(Source material Opens)

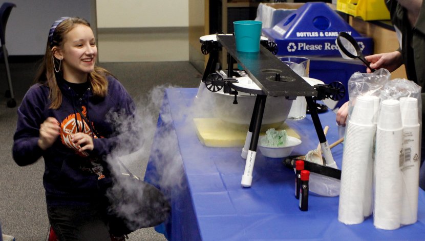 ODU Physics Open House Sarah Morrow, a self-described physics nerd, gets a close look as an ODU student makes liquid nitrogen ice cream. Photo David B. Hollingsworth/ODU
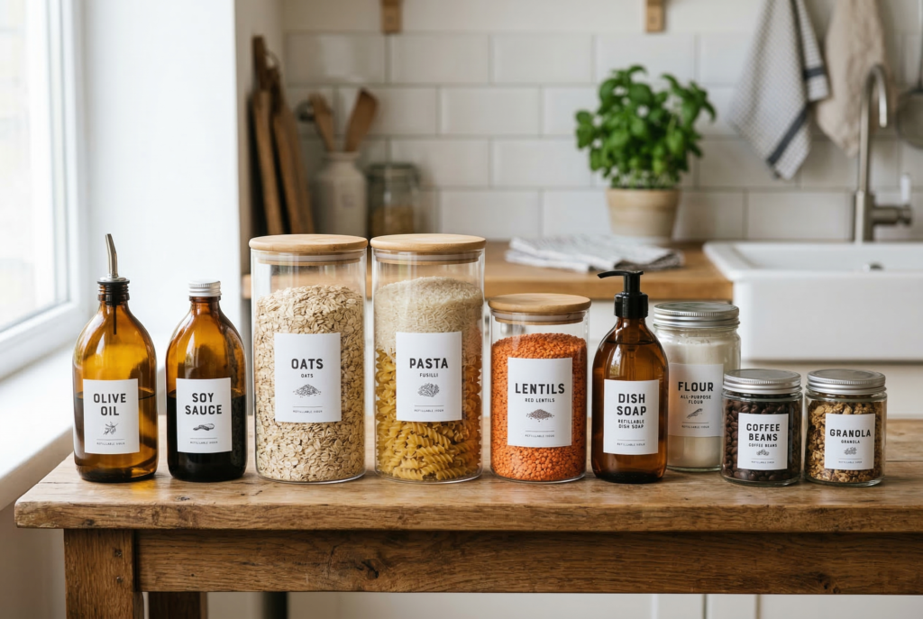 Laundry rooms, cleaning closets, and utility cabinets often become cluttered with disposable packaging, half-used bottles, and mismatched supplies. Refillable containers can help simplify these spaces while cutting down on waste.
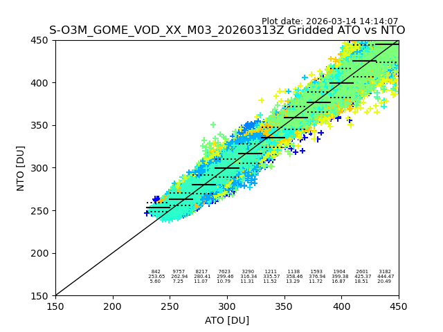Using these forecast fields, the actual measured NTO/O3 from T=0 to T+24h can be compared. The comparison can be between each individual NTO/O3 retrieval and the ATO value in the associated grid box, or between 'pre-gridded' NTO/O3 values and the ATO value. Both these comparisons are given.

(Source material Closes)

> **Task description**
Starting with the opening line of the listing, write out each line exactly until the line that contains "Laundry rooms, cleaning" has been included; skip the pictures.

> **Solution below**
 ODU Physics Open House Sarah Morrow, a self-described physics nerd, gets a close look as an ODU student makes liquid nitrogen ice cream. Photo David B. Hollingsworth/ODU
 Laundry rooms, cleaning closets, and utility cabinets often become cluttered with disposable packaging, half-used bottles, and mismatched supplies. Refillable containers can help simplify these spaces while cutting down on waste.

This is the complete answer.